Most Distributed or standard Denial of Service (DDoS/DoS) tools are open source utilities written in C# or Java. We demonstrated in Chapter 6, Web Attacks, how a single person using a DoS tool can have a devastating impact to a business by limiting access to online sources or taking down a website. DDoS/DoS tools are advertised as web application stress-testing tools. Although they could potentially be used for that, in many cases they are used for nefarious purposes.

DDoS/DoS attacks in most cases require abusing network infrastructure hardware. One of the common methods to defend against DDoS/DoS is configuring network devices that can handle large influx of packets, the ability to detect anomalous behavior, and traffic patterns. Malicious traffic identified should be automatically filtered to avoid interruption of service. Tools from vendors, such as load-balancers and web application firewalls, do a great job of detecting and defending against volumetric and application-type attacks. Security tools with DoS detection capabilities are able to recognize network, session, and application layer traffic, which is imported for mitigating DoS risks that can exist at all layers of the protocol stack.

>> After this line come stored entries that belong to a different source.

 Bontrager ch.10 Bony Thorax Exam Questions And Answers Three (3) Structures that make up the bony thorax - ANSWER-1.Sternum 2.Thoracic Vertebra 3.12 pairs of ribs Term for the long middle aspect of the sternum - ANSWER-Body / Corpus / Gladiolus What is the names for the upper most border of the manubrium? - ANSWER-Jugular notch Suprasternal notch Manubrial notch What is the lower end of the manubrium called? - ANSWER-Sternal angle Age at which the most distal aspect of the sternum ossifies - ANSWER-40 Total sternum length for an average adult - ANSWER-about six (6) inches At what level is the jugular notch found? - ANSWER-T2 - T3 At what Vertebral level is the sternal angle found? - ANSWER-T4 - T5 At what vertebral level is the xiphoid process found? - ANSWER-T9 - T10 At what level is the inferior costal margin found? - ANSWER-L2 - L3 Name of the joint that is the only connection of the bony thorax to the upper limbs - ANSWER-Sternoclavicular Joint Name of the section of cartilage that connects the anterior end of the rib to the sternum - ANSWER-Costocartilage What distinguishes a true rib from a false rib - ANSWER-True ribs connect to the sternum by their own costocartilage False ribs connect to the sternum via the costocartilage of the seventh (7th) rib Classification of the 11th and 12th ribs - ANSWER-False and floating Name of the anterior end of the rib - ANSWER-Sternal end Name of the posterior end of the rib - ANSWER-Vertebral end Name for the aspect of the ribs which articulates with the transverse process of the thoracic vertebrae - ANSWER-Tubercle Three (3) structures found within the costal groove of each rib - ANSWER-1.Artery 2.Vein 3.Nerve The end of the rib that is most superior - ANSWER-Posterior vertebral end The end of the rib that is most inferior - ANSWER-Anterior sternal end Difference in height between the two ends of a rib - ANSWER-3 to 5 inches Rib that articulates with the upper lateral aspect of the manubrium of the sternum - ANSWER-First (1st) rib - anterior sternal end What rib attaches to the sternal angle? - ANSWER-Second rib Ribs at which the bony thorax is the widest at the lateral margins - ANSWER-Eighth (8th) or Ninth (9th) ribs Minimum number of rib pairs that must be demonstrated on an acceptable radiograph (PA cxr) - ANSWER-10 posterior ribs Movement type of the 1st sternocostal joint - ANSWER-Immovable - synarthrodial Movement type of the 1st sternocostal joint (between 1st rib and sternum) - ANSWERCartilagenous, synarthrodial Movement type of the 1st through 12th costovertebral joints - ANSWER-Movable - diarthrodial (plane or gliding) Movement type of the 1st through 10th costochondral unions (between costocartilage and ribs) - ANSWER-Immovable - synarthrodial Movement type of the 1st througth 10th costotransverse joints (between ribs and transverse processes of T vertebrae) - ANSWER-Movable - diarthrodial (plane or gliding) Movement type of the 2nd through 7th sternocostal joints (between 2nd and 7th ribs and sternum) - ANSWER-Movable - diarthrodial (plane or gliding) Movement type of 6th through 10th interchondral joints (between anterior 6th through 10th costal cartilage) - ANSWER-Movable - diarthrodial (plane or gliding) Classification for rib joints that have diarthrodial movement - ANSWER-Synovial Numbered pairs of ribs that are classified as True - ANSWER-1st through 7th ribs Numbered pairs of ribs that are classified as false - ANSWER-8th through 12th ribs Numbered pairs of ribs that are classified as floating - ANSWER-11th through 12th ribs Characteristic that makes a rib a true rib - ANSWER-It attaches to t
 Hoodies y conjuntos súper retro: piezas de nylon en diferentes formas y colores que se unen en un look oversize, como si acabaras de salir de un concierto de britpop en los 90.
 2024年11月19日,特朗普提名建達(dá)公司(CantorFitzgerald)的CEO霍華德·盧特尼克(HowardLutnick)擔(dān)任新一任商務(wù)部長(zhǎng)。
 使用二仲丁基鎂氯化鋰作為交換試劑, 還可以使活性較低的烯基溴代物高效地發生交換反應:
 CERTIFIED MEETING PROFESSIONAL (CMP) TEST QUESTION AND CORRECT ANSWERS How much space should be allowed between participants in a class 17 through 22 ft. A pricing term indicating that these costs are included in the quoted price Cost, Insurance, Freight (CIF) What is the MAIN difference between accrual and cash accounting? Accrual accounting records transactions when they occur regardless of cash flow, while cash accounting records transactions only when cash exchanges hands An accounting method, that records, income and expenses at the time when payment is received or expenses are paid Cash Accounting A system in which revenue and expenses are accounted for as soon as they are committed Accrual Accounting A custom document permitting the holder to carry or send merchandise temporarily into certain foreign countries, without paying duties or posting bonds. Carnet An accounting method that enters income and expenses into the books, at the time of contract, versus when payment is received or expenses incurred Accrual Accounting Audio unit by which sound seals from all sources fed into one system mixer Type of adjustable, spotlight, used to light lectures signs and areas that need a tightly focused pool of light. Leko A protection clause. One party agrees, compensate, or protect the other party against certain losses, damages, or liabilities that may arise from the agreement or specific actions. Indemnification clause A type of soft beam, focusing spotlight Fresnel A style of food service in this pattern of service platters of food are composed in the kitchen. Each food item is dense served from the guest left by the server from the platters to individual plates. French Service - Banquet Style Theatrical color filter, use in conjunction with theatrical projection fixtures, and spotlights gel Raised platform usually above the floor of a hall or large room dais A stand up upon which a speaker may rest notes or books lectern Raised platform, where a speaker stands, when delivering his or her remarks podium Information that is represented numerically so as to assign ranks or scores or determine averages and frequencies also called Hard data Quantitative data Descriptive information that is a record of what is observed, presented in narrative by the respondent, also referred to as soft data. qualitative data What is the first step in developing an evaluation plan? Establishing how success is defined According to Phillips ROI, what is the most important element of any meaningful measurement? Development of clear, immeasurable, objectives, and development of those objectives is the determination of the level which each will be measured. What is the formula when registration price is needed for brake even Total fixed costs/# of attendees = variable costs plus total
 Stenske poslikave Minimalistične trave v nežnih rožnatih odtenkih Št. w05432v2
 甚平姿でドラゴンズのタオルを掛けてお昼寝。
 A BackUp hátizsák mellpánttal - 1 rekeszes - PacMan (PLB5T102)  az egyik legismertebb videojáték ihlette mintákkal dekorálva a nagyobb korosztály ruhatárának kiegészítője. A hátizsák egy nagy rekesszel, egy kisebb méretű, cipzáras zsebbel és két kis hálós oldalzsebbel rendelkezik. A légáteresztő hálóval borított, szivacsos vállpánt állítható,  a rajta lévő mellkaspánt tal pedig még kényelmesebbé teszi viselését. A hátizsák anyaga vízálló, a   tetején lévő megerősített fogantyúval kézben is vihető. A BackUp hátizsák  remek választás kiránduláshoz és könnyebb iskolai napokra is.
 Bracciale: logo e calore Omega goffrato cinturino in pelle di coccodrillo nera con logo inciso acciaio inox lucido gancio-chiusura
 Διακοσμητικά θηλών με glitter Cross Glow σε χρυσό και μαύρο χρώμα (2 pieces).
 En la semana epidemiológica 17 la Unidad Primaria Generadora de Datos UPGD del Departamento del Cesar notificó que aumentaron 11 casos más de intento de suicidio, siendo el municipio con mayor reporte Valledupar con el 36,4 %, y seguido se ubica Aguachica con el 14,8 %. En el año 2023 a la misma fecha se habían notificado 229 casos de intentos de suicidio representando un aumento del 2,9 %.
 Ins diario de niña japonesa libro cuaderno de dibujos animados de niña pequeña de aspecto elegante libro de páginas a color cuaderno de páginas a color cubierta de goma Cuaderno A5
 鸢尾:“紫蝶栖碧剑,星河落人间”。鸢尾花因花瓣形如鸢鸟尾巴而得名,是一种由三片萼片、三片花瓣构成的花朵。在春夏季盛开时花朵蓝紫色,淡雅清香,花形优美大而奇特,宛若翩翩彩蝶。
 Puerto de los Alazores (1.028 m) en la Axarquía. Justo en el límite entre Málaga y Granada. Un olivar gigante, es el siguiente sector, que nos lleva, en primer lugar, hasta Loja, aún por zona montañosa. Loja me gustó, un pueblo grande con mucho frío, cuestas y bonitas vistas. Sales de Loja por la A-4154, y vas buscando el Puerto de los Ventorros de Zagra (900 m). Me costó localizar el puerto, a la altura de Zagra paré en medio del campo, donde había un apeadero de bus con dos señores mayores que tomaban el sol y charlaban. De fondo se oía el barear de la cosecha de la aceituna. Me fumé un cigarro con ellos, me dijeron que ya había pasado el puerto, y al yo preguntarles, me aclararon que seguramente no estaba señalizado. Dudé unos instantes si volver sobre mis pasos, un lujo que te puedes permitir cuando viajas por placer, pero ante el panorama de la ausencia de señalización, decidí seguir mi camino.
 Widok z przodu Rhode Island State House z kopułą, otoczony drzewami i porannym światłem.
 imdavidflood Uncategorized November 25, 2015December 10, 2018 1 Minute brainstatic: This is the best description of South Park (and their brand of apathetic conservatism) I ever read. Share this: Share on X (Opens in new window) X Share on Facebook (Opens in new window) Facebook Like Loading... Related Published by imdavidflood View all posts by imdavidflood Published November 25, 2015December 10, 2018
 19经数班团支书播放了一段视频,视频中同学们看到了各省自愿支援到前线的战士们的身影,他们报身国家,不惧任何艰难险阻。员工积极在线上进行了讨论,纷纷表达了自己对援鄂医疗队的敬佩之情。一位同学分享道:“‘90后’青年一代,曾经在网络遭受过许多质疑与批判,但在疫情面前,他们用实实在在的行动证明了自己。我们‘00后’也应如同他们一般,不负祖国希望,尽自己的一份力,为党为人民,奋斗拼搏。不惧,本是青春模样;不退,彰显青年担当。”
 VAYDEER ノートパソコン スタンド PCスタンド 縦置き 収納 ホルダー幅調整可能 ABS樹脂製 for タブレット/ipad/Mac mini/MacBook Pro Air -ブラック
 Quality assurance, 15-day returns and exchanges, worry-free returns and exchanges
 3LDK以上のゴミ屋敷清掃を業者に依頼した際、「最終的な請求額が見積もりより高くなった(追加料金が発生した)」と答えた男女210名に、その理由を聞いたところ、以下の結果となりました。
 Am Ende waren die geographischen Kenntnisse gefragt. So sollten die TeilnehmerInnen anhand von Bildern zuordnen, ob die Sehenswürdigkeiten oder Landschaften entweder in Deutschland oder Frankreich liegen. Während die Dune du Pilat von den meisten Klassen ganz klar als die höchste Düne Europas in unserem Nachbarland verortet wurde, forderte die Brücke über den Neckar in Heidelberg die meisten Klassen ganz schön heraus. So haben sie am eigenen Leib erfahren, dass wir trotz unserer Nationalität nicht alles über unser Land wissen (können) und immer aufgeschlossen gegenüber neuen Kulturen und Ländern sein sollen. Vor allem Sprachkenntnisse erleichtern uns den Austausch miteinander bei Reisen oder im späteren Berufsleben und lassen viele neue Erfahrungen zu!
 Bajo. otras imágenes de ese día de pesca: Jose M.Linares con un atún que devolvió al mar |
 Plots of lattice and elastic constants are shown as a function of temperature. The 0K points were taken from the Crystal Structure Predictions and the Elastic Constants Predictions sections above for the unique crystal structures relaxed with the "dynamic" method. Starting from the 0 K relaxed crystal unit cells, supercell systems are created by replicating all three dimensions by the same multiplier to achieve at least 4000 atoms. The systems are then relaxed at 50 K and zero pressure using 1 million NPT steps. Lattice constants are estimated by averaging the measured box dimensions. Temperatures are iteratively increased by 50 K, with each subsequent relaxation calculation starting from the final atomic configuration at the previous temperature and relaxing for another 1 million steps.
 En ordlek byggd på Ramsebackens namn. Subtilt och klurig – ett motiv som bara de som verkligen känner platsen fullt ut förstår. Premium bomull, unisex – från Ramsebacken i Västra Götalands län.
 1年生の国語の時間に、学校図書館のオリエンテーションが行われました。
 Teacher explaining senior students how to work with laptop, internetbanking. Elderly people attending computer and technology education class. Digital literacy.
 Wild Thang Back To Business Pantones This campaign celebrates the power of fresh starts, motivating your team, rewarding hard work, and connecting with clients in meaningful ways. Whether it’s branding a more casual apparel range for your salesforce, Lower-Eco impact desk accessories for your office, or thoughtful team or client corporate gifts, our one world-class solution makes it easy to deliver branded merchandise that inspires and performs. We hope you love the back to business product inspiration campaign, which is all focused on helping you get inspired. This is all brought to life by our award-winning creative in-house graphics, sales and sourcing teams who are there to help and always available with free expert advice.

To defend against sustained and prolonged attacks, many organizations turn to a DDoS application service provider. A DDoS application service provider works with your ISP and attempts to stop DDoS from reaching your network by redirecting traffic away from your organization. They do this by using routing protocols, such as BGP and advanced DNS techniques.

Most DDoS/DoS attacks use spoofed or invalid IP addresses when attacking an organization. Network administrators should deploy Unicast Reverse Path Forwarding (Unicast RPF) on their Internet-facing border routers as a protection mechanism against spoofing of IP source addresses when used to launch DDoS attacks. Unicast RPF is considered best practices for Internet-edge-facing routers, and a good start to defend against DDoS/DoS. Unicast RPF is configured at the interface level on Cisco routers. Other enterprise manufactures may have similar features on their routers as well. When Unicast RPF is configured, non-verifiable or invalid IP addresses will be dropped.

A more recent technique used to identify DDoS/DoS traffic is leveraging Netflow in conjunction with transit access lists to stop the traffic from entering the network as well as identifying internal attacks. Traffic behavior is analyzed and any indication that the network seeing malicious traffic will trigger alarms such as Smurf or Teardrop packets. Leading DDoS/DoS solutions offer the ability to monitor for both internal and external DDoS/DoS threats.